The dragon begins to fall…
China has launched a pilot programme in the northern province of Hebei requiring the public to apply for approval if they plan to make large cash deposits or withdrawals at commercial banks.
The regulation comes after a series of bank runs in the past year at debt-laden small lenders and as an unprecedented pandemic-related economic contraction starts to take a toll.
From July 1, residents in the province will need to provide information about the source of deposits or the purpose of withdrawals for transactions over 100,000 yuan (US$14,162) for individuals, and 500,000 yuan for corporations, the state-backed China Securities Journal reported last week.
Applicants will have to give one day’s notice to the bank to make a withdrawal of this size or larger, and gain the branch’s approval of the registration information, the report said.

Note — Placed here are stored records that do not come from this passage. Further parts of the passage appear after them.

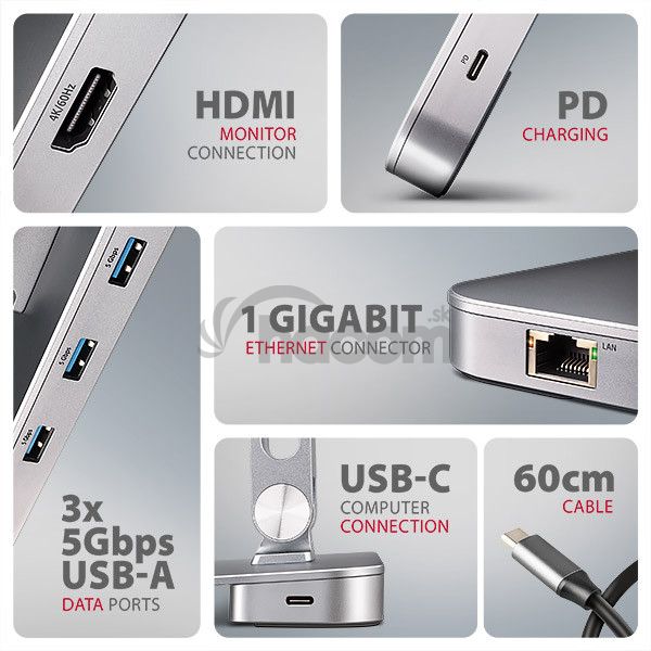 - AXAGON HMC-STND, stojan pre 10"-16" notebooky, USB 5Gbps húb, 3x USB-A, HDMI 4k/60Hz, RJ-45, PD 100W HMC-STND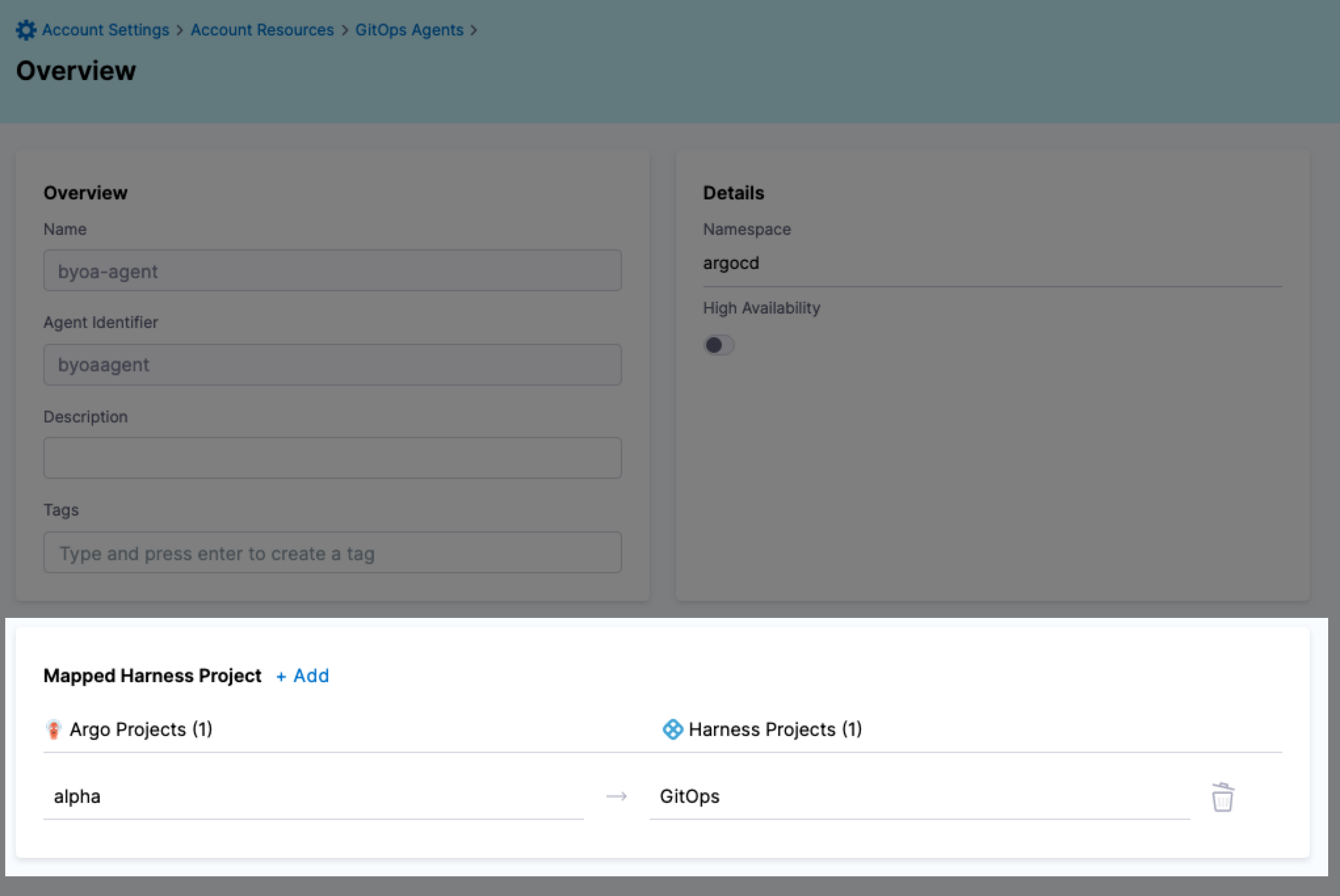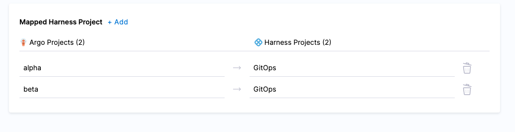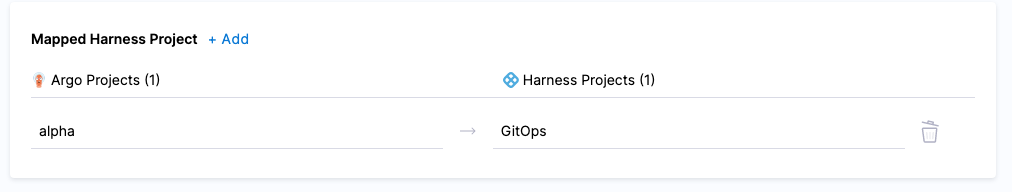 noteDo not map the same Argo CD project to multiple Harness projects.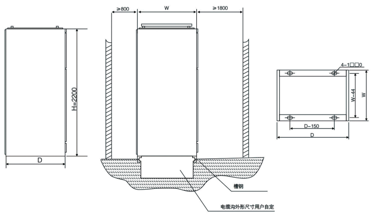 ※ 馈线柜和电动机控制柜设有的电缆隔室,既提高了电缆的使用稳靠性,又大地方便了用户对电缆的安装与维修。电缆隔室有二个宽度尺寸(240mm和440mm)可供选用或柜后出线(不占柜宽度),视电缆数量、截面和用户对安装维修方便的要求而定。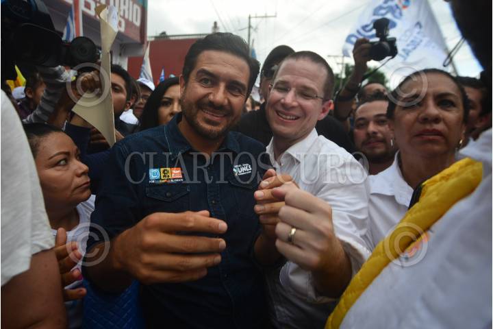 XALAPA, VERACRUZ, 19JUNIO2018.- El candidato de la coalición "Por Mexico Al Frente", Ricardo Anaya, realizó un recorrido en una colonia popular de la ciudad capital acompañado del candidato al gobierno del estado, Miguel Angel Yunes Márquez. FOTO: ALBERTO ROA /CUARTOSCURO.COM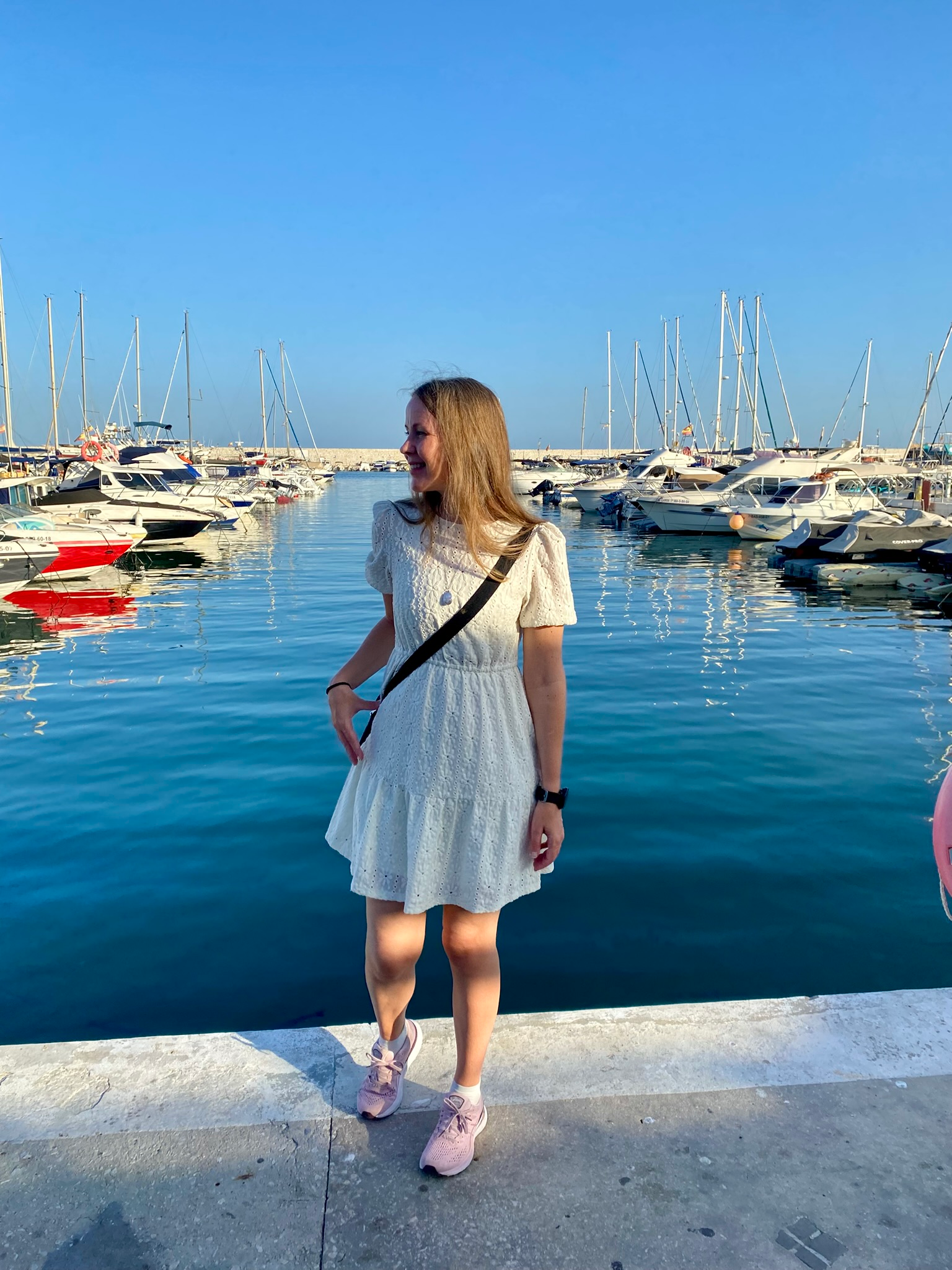 Kävelyn, varpaistelun ja kivibongauksen lisäksi tykkään töllätä erilaisia veneitä, olivatpa ne sitten pikkuruisia soutuveneitä, kalastaja-aluksia, jahteja tai komeita purjeveneitä. Edelleen yksi matkaunelmani olisi viettää loma purjehtien (tai sitten Atlantin yli rahtilaivalla). Fuengirolan satamassa on purjeveneitä rannat pulloillaan, mutta laitureille ei suinkaan päässyt maija meikäläinen samoilemaan. Harrastin merihaaveita siis hieman etäämmältä, vain parvekkeeltamme ja rantakadun varrelta.

The pilot programme will be expanded to Zhejiang province in the east and the city of Shenzhen in Guangdong province from October 1, affecting individual account transactions of more than 300,000 yuan and 200,000 yuan, respectively.
FWIW, I have zero invested in China funds and zero in “emerging market” funds (that tend to have a big Chinese component).
What with the EU headed for a financial crisis now that the UK money has left the budget, Africa in social turmoil and afflicted with Chinese takedowns via debt trap diplomacy, Brazil headed for a Chinese Wuhan Covid virus stumble, and other odd markets having similar issues, IMHO, money is best kept in the Anglosphere for now (and has been for a while). UK, Australia, New Zealand, Canada, USA, and perhaps India (need to balance effects of uncontrolled virus vs companies relocating to India out of China).